Activity: Among the lines below, restate word for word only those from the line with "The integration of" through the line with "Intra Συλλεκτικό Ξύλινο", with both end lines kept.
Segment Start: Task inputs
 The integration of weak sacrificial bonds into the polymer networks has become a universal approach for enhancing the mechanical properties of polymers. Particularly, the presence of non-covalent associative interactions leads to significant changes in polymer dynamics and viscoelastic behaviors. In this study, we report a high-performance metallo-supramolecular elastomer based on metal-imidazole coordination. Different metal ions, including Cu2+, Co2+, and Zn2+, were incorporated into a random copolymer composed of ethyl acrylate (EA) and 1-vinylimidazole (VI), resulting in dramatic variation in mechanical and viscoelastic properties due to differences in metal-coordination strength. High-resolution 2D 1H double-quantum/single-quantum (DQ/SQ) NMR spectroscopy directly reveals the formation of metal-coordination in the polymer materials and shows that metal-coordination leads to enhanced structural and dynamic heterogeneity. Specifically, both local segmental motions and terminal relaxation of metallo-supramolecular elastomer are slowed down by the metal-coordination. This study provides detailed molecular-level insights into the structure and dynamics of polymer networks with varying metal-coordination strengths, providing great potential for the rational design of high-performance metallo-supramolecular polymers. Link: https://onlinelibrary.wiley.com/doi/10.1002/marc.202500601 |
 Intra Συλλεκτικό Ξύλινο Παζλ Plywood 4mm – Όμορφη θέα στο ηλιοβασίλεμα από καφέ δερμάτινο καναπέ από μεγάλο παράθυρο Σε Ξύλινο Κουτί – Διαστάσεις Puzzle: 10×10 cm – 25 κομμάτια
Segment End: Task inputs
Segment Start: Task inputs
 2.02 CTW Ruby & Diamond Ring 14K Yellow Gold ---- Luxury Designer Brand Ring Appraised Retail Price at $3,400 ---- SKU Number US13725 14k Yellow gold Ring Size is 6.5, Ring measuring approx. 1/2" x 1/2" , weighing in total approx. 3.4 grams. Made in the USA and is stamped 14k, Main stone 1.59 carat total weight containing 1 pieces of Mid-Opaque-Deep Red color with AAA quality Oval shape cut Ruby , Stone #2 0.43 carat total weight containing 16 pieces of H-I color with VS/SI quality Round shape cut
Segment End: Task inputs
Response to this task:
 The integration of weak sacrificial bonds into the polymer networks has become a universal approach for enhancing the mechanical properties of polymers. Particularly, the presence of non-covalent associative interactions leads to significant changes in polymer dynamics and viscoelastic behaviors. In this study, we report a high-performance metallo-supramolecular elastomer based on metal-imidazole coordination. Different metal ions, including Cu2+, Co2+, and Zn2+, were incorporated into a random copolymer composed of ethyl acrylate (EA) and 1-vinylimidazole (VI), resulting in dramatic variation in mechanical and viscoelastic properties due to differences in metal-coordination strength. High-resolution 2D 1H double-quantum/single-quantum (DQ/SQ) NMR spectroscopy directly reveals the formation of metal-coordination in the polymer materials and shows that metal-coordination leads to enhanced structural and dynamic heterogeneity. Specifically, both local segmental motions and terminal relaxation of metallo-supramolecular elastomer are slowed down by the metal-coordination. This study provides detailed molecular-level insights into the structure and dynamics of polymer networks with varying metal-coordination strengths, providing great potential for the rational design of high-performance metallo-supramolecular polymers. Link: https://onlinelibrary.wiley.com/doi/10.1002/marc.202500601 |
 Intra Συλλεκτικό Ξύλινο Παζλ Plywood 4mm – Όμορφη θέα στο ηλιοβασίλεμα από καφέ δερμάτινο καναπέ από μεγάλο παράθυρο Σε Ξύλινο Κουτί – Διαστάσεις Puzzle: 10×10 cm – 25 κομμάτια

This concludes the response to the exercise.